Josep Ferrando

Personal information
- Full name: Josep Ferrando Sancho
- Date of birth: 5 October 1994 (age 31)
- Place of birth: Amposta, Spain
- Position: Midfielder

Team information
- Current team: Eldense (assistant)

Youth career
- Rapitenca

Senior career*
- Years: Team / Apps / (Gls)
- 2013–2014: Ampolla
- 2014–2015: Amposta / 3 / (0)
- 2015–2018: Ampolla

Managerial career
- 2018–2025: Espanyol (youth)
- 2025–: Eldense (assistant)
- 2026: Eldense (caretaker)

= Josep Ferrando =

Spanish football manager

Josep Ferrando Sancho (born 5 October 1994) is a Spanish retired footballer who played as a midfielder, and the assistant manager of CD Eldense.

==Career==
Born in Amposta, Tarragona, Catalonia, Ferrando played for UE Rapitenca, CF Ampolla and CF Amposta as a senior before retiring in 2018, aged 23. Upon retiring, he started working in the youth categories of RCD Espanyol, being initially an assistant of the Cadete squad.

In July 2023, Ferrando was named manager of the Infantil A team of the Pericos, before becoming Joan Suriol's assistant in the Juvenil A squad the following March.
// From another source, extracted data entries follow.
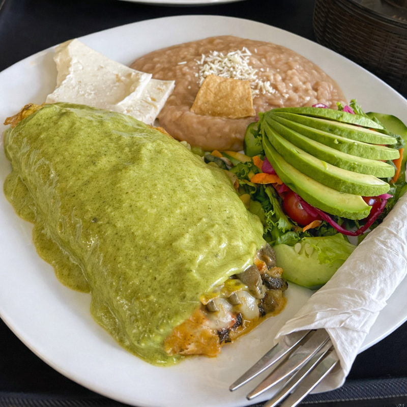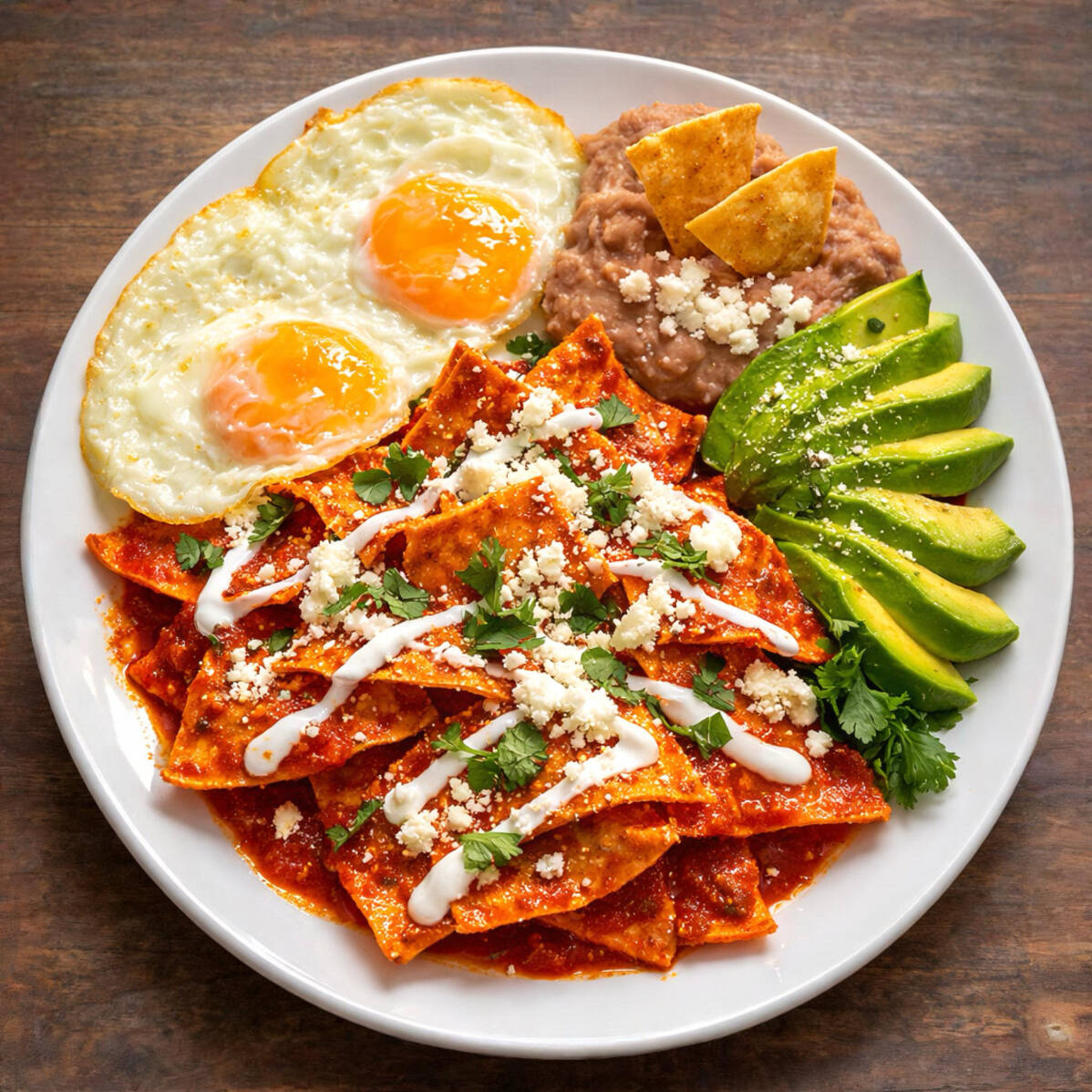 Totopos crujientes bañados en tu salsa favorita (roja o verde), preparados al momento para lograr el balance perfecto entre textura y sabor. Coronados con crema, queso fresco, cebolla y un toque de cilantro, acompañados de frijoles y la proteína de tu elección. Un clásico mexicano lleno de sabor, ideal para empezar el día con todo.
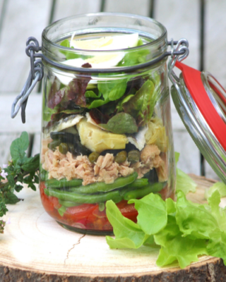 Ingrediënten: slavinaigrette, rode ui, tomatenblokjes, sperziebonen, tonijn natuur, kappertjes, zwarte olijven, artisjokharten, ansjovis in olijfolie, eikenbladsla, basilicum, tijm, gekookt ei
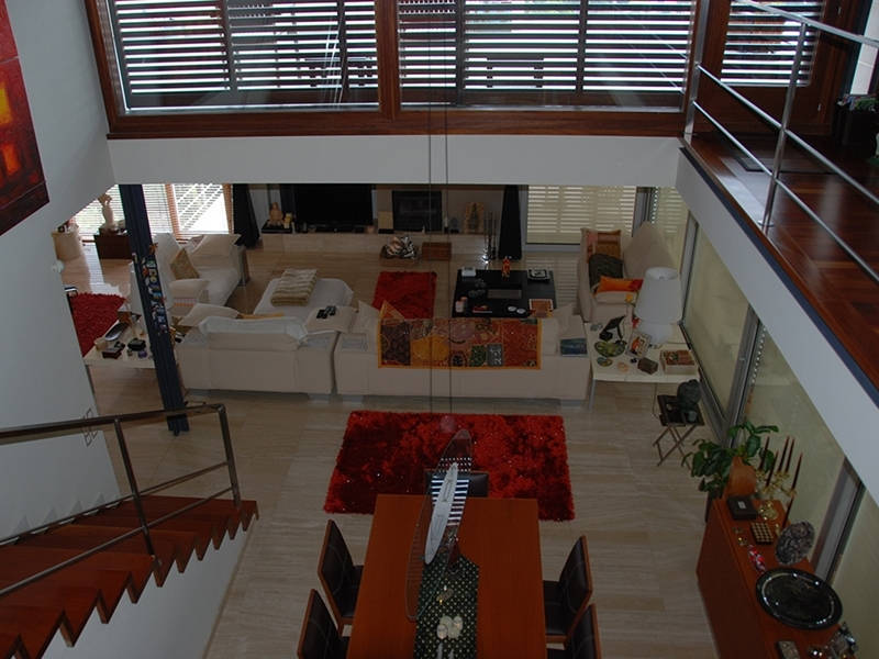 Просторная гостиная со столовой и камином, основная супружеская спальня с гардеробом, ванной комнатой и выходом на террасу, ещё три супружеские спальни со своими ванными комнатами, оборудованная и полностью экипированная кухня-офис с островом, кабинет с библиотекой, тренажёрный зал со СПА, джакузи, сауной, мини бассейном и вспомогательной кухней, бильярдная, винный погреб, кладовка, гладильная.
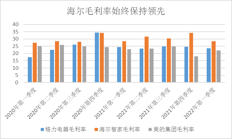 这体现在了三家的财报中。2021年报显示,美的海外毛利率为21.76%,同比-3.03%;格力海外毛利率为9.84%,同比-2.29%;海尔智家海外毛利率为28.21%,同比+0.2%。
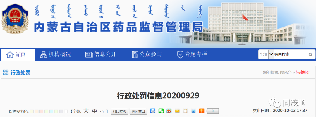 ▍10月13日,内蒙古自治区药监局发布两起行政处罚信息:涉及罚款、责令解聘质量部长、质量负责人、没收违法行为发生期间自本单位所获收入,并处所获收入百分之十以上百分之五十以下的罚款,十年直至终身禁止从事药品生产经营等活动,详情如下:
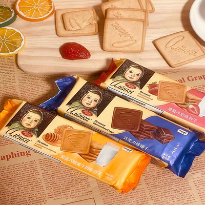 爱莲巧俄罗斯娃娃牛奶巧克力酥脆苏打早餐发酵饼干
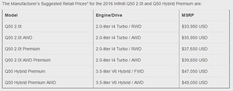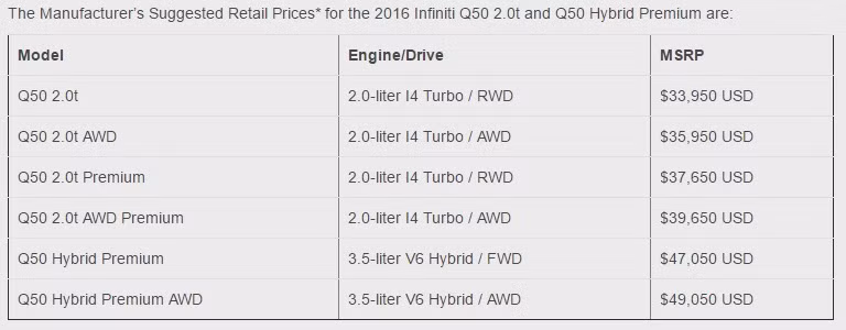 Giá bán niêm yết tại thị trường Mỹ cho các phiên bản động cơ.
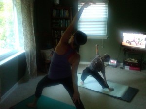Yoga fun with Cole - throwing away the cookie crumbs!
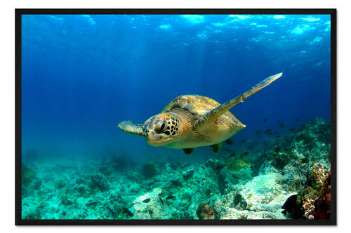 Posterlounge   Wandbilder   Querformat   Paul Kennedy   Gerahmter Kunstdruck Grüne Meeresschildkröte unter Wasser
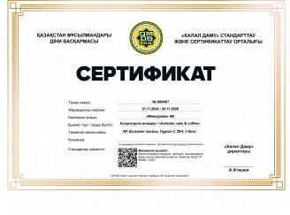 «Erekshe cake & coffee» дәмханасына берілген халал сертификаты 21.11.2024-20.11.2025 жж аралығында 1 жылға жарамды. Мекен-жайы: Шымкент қаласы, Нұрсат-2, 29/4, 3 блок.
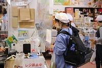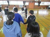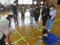 2時間目は、1組2組合同で体育館で「縁日」を行いました。子どもたちが遊び方を考え、自作した遊び道具を使って交流しました。修学旅行の活動班の中に入ってもらい、店員役とお客さん役に分かれて、「魚釣り」や「紙コップタワー」などの遊びを楽しみました。緊張することもなく積極的に交流することができ、子どもたちに笑顔があふれていました。
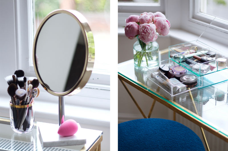 I haven’t really had a beauty set-up since our old flat where I had that IKEA big-ass drawer number. Remember that? Unfortunately it was a little large for our new bedroom and ever since we moved I’ve been keeping my everyday makeup in a bag stuffed into a drawer and then emptying it out on the floor whenever I wanted to apply it. Great for when I want to do my makeup in my pants and nothing else as the neighbours can’t see in, but not so fab when it comes to ease of application/keeping the carpet a foundation-free zone.

In July 2025, he joined the staff of Javier Cabello at CD Eldense, as an analyst.

Ferrando became an assistant when Claudio Barragán became manager of the Azulgranas in October 2025, and helped the club to achieve promotion to Segunda División. On 6 September 2026, he was appointed caretaker manager of the side, after Barragán was sacked.

On his professional debut on 13 September 2026, Ferrando led Eldense to a 1–0 away win over Sporting de Gijón.